● **INPUT DATA**

***

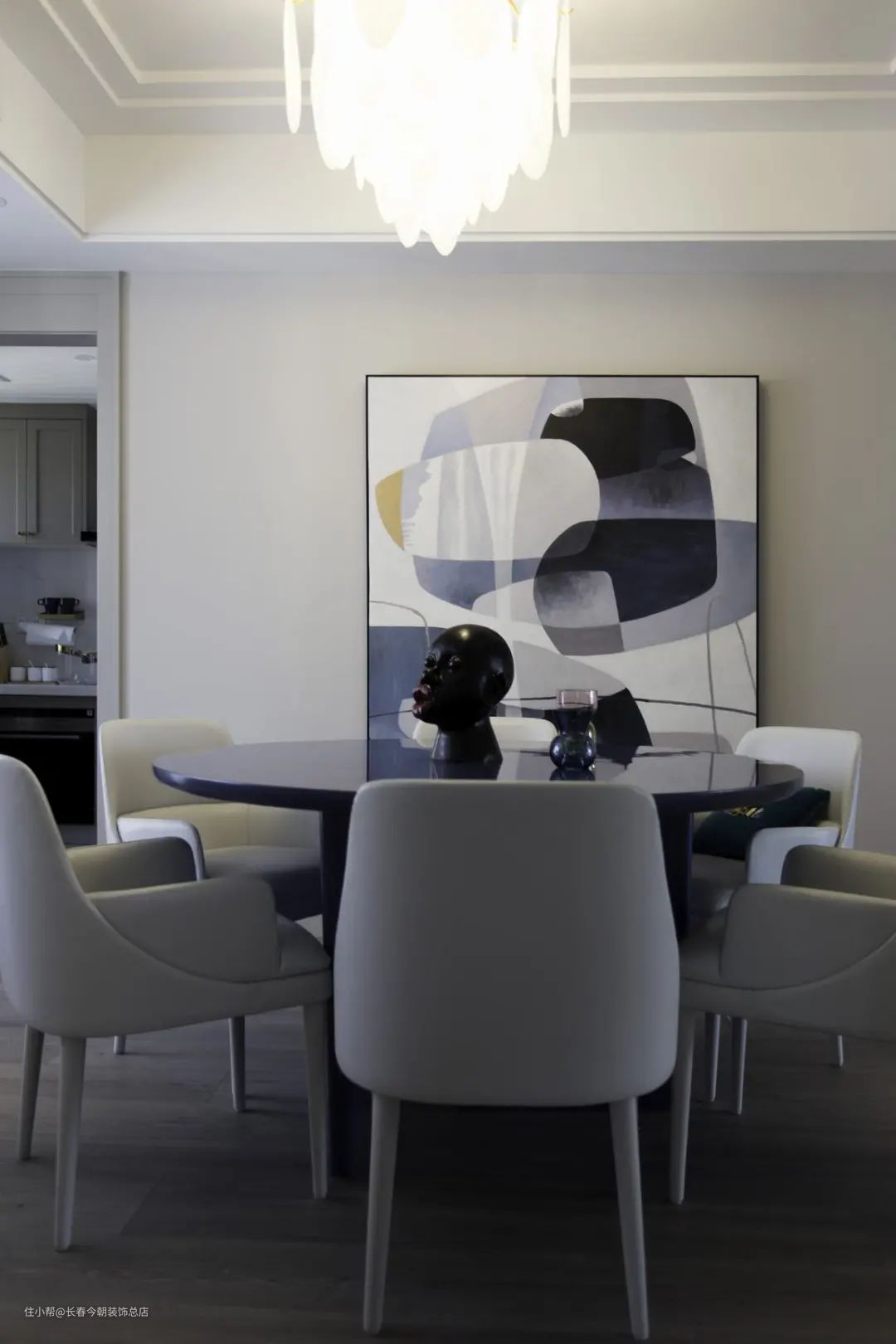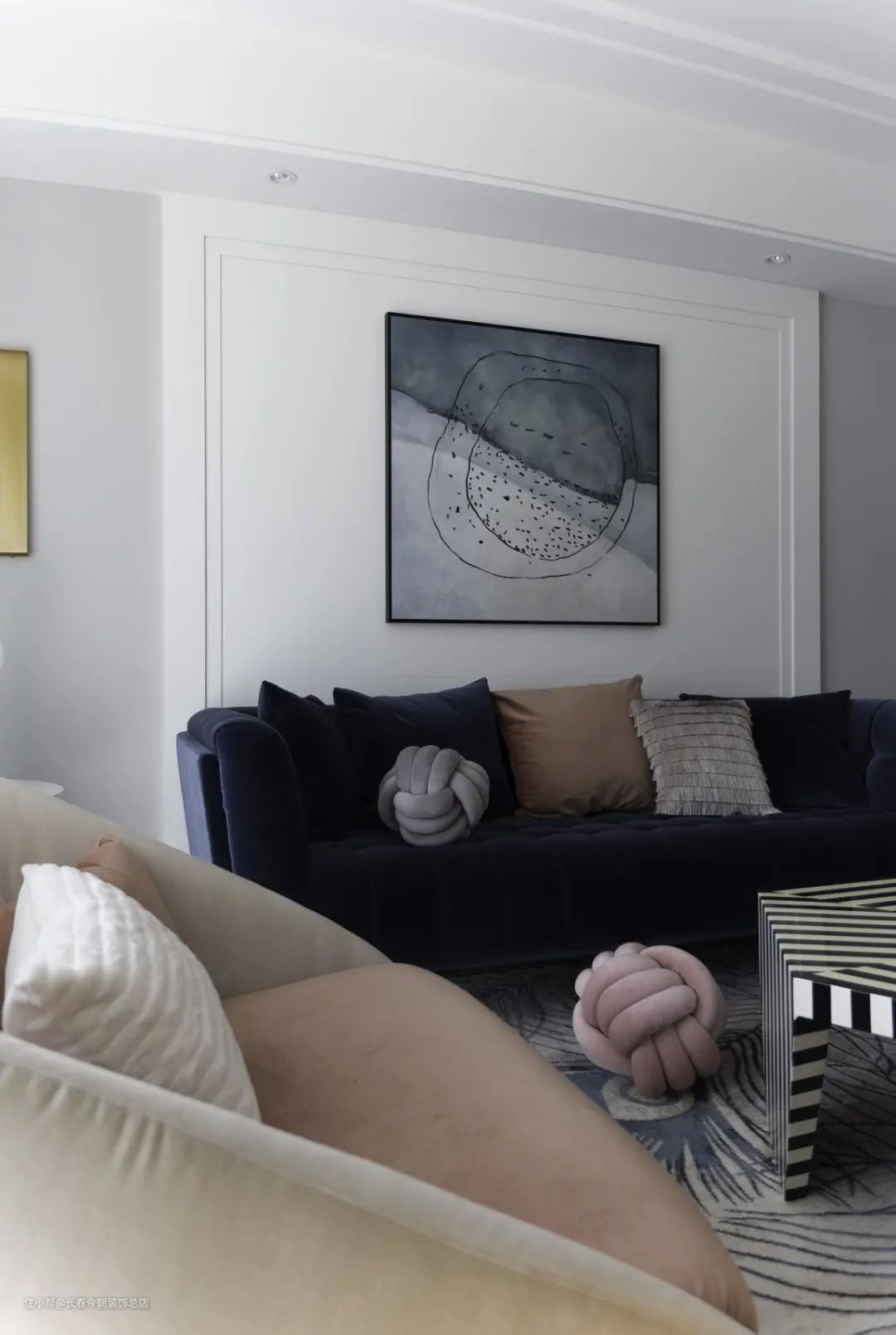 ▲在灰色的沙发墙基础,中间区域装一块白色护墙板,挂一幅抽象派的装饰画,搭配深蓝色的布艺沙发,给人以成熟优雅的端庄感。
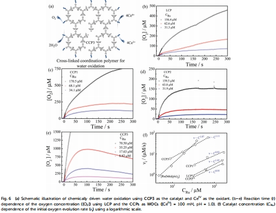 數(shù)據(jù):Fig. 6b-e顯示氧氣產(chǎn)生隨時(shí)間變化,F(xiàn)ig. 6f初始速率v_i與Ru濃度呈準(zhǔn)一級(jí)關(guān)系(指數(shù)α~1);Fig. 7a TOF/TON值CCP3最佳(TOF~0.85 s?1),F(xiàn)ig. 7c-d接觸角越?。ㄓH水性越強(qiáng)),活性越高。
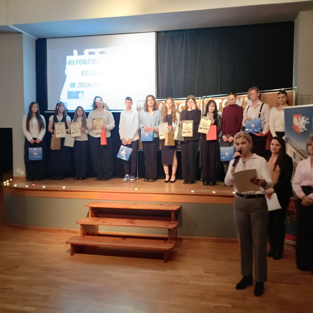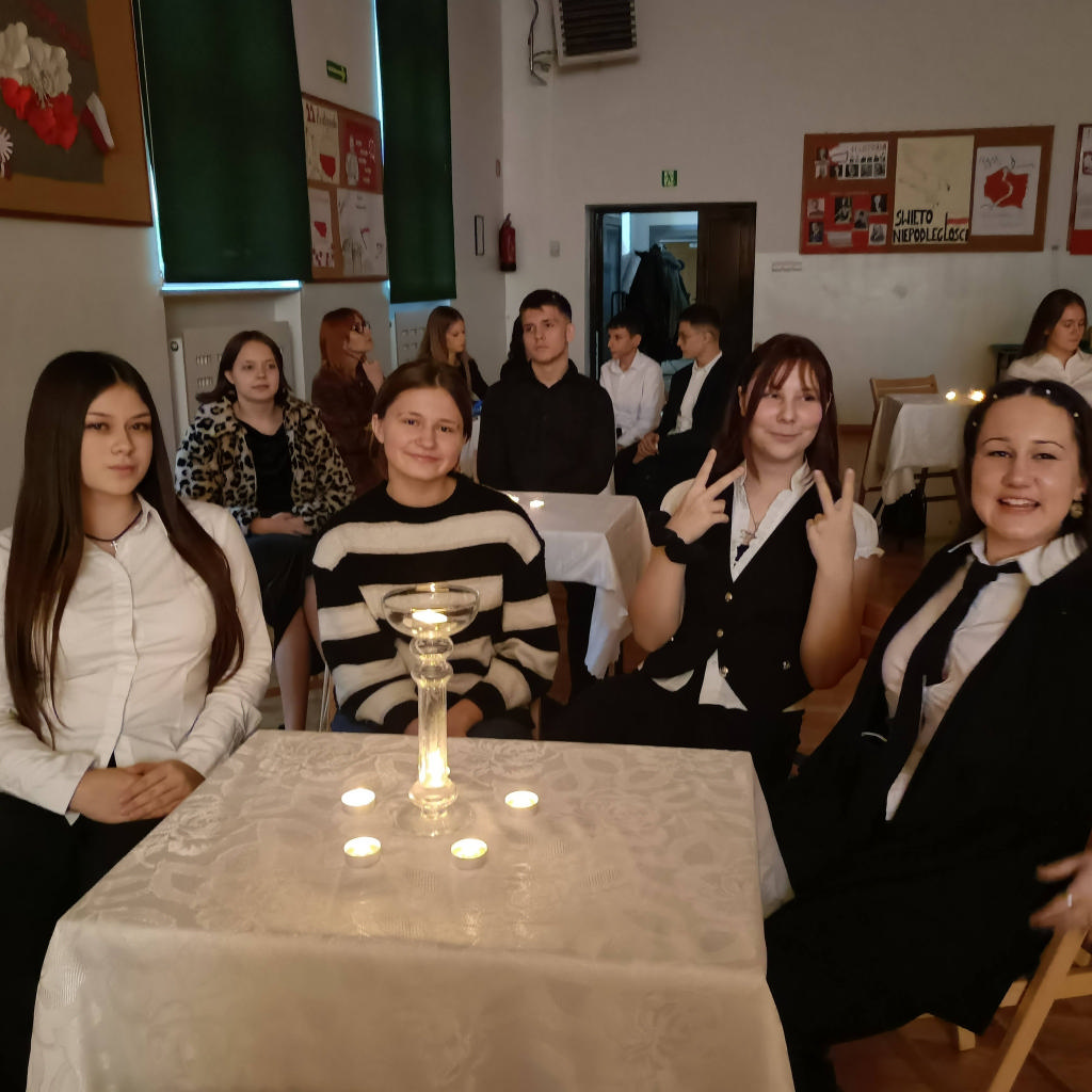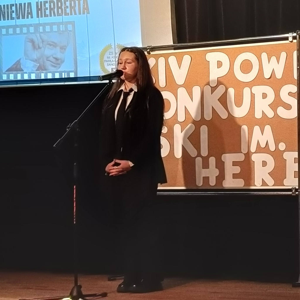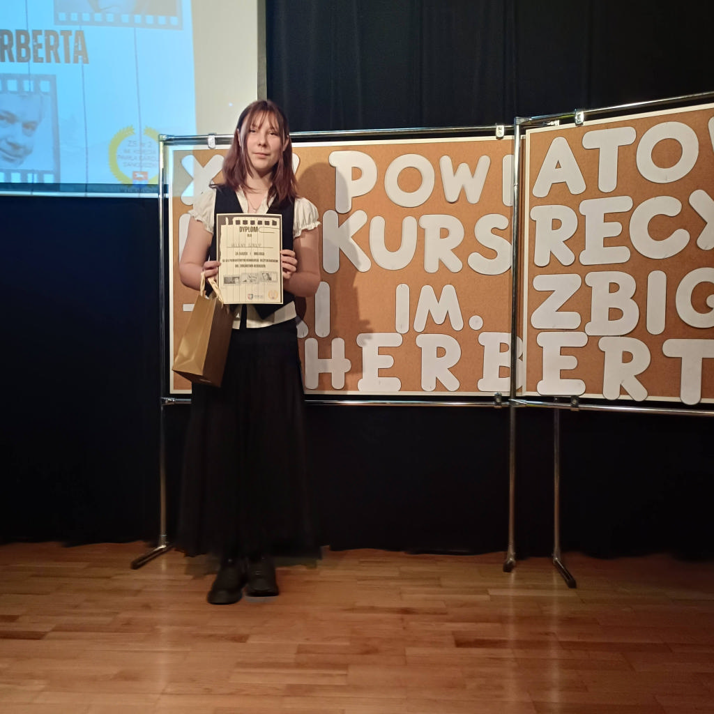 Udział w konkursie stanowił okazję do rozwijania zdolności scenicznych oraz budowania wrażliwości literackiej. Spotkanie odbyło się w kameralnej atmosferze, w sali rozświetlonej blaskiem świec. Nastrojowa oprawa wydarzenia podkreśliła piękno recytowanych utworów. Miło nam poinformować, że interpretacja poezji Z. Herberta, zaprezentowana przez uczennice naszej szkoły, została doceniona przez jury.

***

Output the lines above in full and exactly as given, omitting any pictures.

 ▲在灰色的沙发墙基础,中间区域装一块白色护墙板,挂一幅抽象派的装饰画,搭配深蓝色的布艺沙发,给人以成熟优雅的端庄感。
 數(shù)據(jù):Fig. 6b-e顯示氧氣產(chǎn)生隨時(shí)間變化,F(xiàn)ig. 6f初始速率v_i與Ru濃度呈準(zhǔn)一級(jí)關(guān)系(指數(shù)α~1);Fig. 7a TOF/TON值CCP3最佳(TOF~0.85 s?1),F(xiàn)ig. 7c-d接觸角越?。ㄓH水性越強(qiáng)),活性越高。
 Udział w konkursie stanowił okazję do rozwijania zdolności scenicznych oraz budowania wrażliwości literackiej. Spotkanie odbyło się w kameralnej atmosferze, w sali rozświetlonej blaskiem świec. Nastrojowa oprawa wydarzenia podkreśliła piękno recytowanych utworów. Miło nam poinformować, że interpretacja poezji Z. Herberta, zaprezentowana przez uczennice naszej szkoły, została doceniona przez jury.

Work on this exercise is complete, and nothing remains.